Our three kids – Streatfeild likes families with three or four kids – are Sorrel, Mark and Holly Forbes, who have been living a Terribly Respectable life with their vicar grandfather, their mum having died and their sailor dad being missing in action.  When their grandfather dies, they have to go to live with their unknown maternal grandmother, who turns out to be the matriarch of a theatrical dynasty.  The grandmother, aunts, uncles and cousins are all fairly stereotypical theatre sorts, but, apart from the grandmother herself, they aren’t too OTT.  One of the cousins is a brat, As I’ve said, but there’s nearly always a brat in a Streatfeild book – think Lydia Robinson, Nicky Heath, etc..

The grandfather had been paying their school fees, and the schools apparently can’t wait until his will’s gone through probate and his funds have been released.  The grandmother, despite living in a large house and employing the rhyming-slang-talking housekeeper, and now the grandfather’s housekeeper as well, is broke.  So the children go to a theatre school run by a friend of hers, Madame Fidolia of Ballet Shoes fame, and receive financial assistance from the Fossils of Ballet Shoes fame (why??).  Sorrel turns out to be good at acting.  Mark is good at singing, but is eventually allowed to return to his original plan of following his dad into the Navy.  Holly is meant to be good at dancing, but turns out to be a comedienne, whilst their nice cousin Miriam, daughter of a comedian, turns out to be a dancer.  The nasty cousin, Miranda, is also an actress, but Sorrel outperforms her in The Tempest – hooray!!  My brain always gets the production of The Tempest in this book mixed up with the one in the Antonia Forest Kingscote books, for some reason.  Maybe it’s because they both involve characters called Miranda.

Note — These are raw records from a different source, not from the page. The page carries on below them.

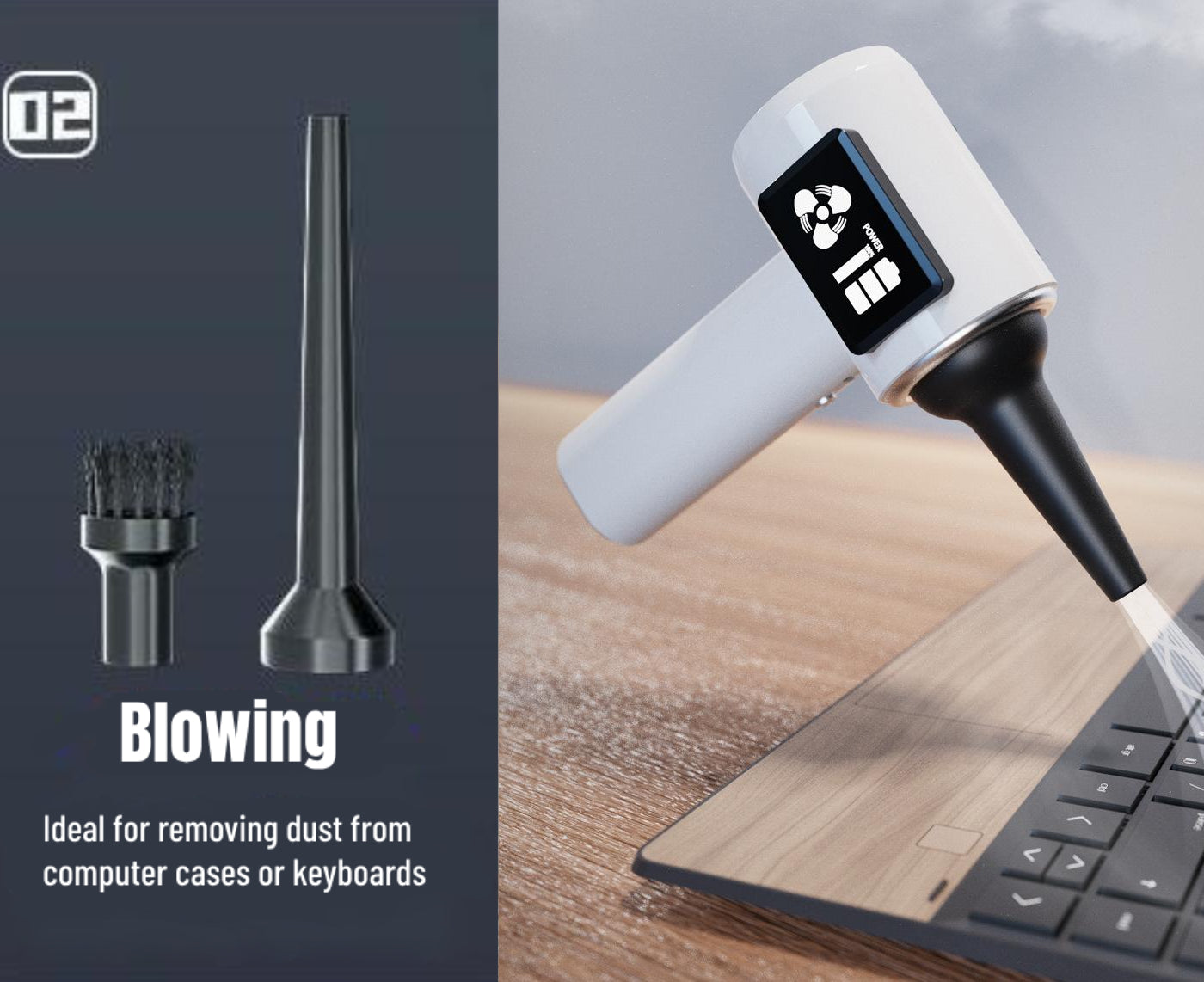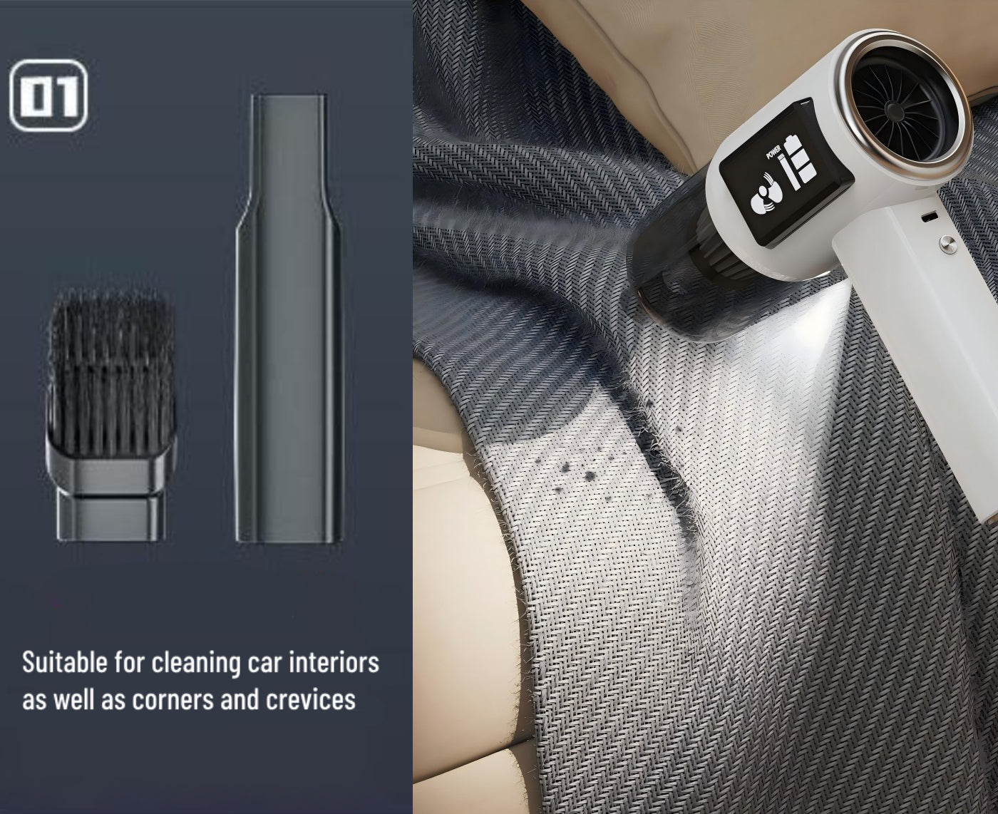 Quickly and effectively removes dust, hair, debris, and more. Perfect for cleaning car interiors, furniture, and other surfaces. It also doubles as a dust blower, making it a versatile tool for home or car cleaning.
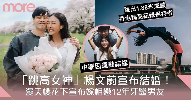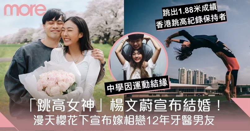 香港「跳高女神」楊文蔚(Cecilia)於社交平台上宣布,她與牙醫兼前乒乓球運動員孔軍凱(Daryl)完成12年愛情長跑,將與對方共諧連理,並分享多張左手無名指已戴婚戒的甜蜜合照。楊文蔚在貼文中分享多張在日本北海道接受求婚的美麗照片,並感慨道:「我們從校服時代談論未來結婚,到如今已經走過十二年,經歷了青春期、遠距離和沉默。我本以為會在這一刻崩潰落淚,但實際上我很平靜,因為我早就知道,會係你。」她還提到自己曾經說過希望在北海道拍攝Pre Wedding的First Love照片:「這不是最華麗或最戲劇性的時刻,完全沒有準備,但我知道那天的櫻花會永遠留在心中。現在正式了,這是永恆的!」
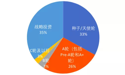 从轮次分布来看,大部分集中在战略投资、种子/天使轮和A轮。其中初创期(A轮及以前)投资轮次占比59%,反映出行业仍处于早期阶段,C轮及以后项目占比仅为3%。
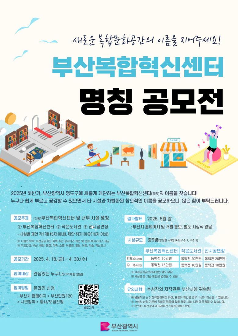 ◈ 공모 대상은 총 3개로, ▲'(가칭)부산복합혁신센터' ▲작은도서관 ▲전시공연장… 4.18.~4.30. 시 누리집을 통해 참여할 수 있으며, 공모 대상별 1인당 1개씩 제안 가능
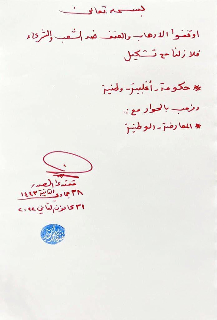 وقال الصدر، في تغريدة كتبها بخط يده وبالحبر الاحمر، تابعتها الرشيد، “أوقفوا الإرهاب والعنف ضد الشعب والشركاء فلا زلنا مع تشكيل حكومة أغلبية وطنية”.
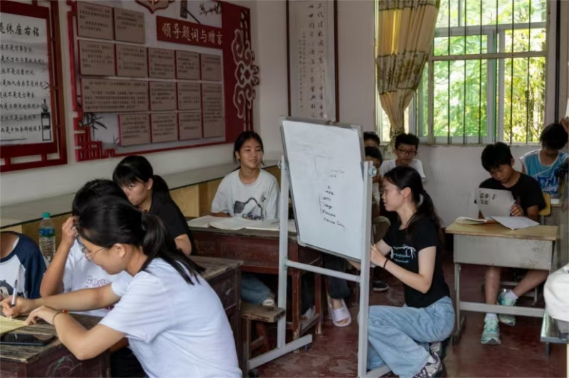 經(jīng)過兩天忙碌的前期籌備與工作對(duì)接,教學(xué)計(jì)劃得以初步開展。2025年7月8日上午7點(diǎn)30分,支教團(tuán)全體成員伴著清晨的微風(fēng)與雞鳴蟬唱踏入留守兒童樂園,動(dòng)作利落地打掃起衛(wèi)生,隨即安排各年級(jí)學(xué)生有序落座。8點(diǎn)整,老師們?nèi)硇牡赝度氲搅私虒W(xué)工作中。

There’s a lot of whingeing about being poor, but, more interestingly, we see the effect of rationing and wartime shortages on their ability to buy the items required at a theatre school.  That’s surprisingly unusual in GO books.  However, there’s an absolutely cringeworthy scene in which Madame Fidolia tells the other pupils that they should feel sorry for the Forbes kids, because they’ve got no-one at home to see that they look nice (rather insulting to the two faithful family retainers, who bend over backwards to help the kids).  This is apparently meant to be a positive thing, but how mortified would you have been at your whole school being told to feel sorry for you?!  We also see the theatre school kids putting on performance for injured service personnel in hospitals, and for service personnel on leave – a nice wartime touch.

The three children all come across quite well, especially Sorrel.  I always quite like Streatfeild’s responsible older kids, and Sorrel is particularly appealing – sensible and responsible but without having any of Ann Robinson’s prissiness.  Mark refuses to be pushed into a career that he doesn’t want, and Holly is very stoic when told that Posy Fossil’s dancing scholarship is to go to Miriam rather than to her.  Everyone seems fairly realistic, despite the luvvie-ishness (is that a word?) and eccentricities of some of the family members: there’s nothing in the books that really grates.

I don’t know how I missed this one when I did my Streatfeild re-read around 10 years ago, but somehow I did.  Oh well, I’ve re-read it now.  Very good book!  Or do I mean “fish hook” 🙂 ?!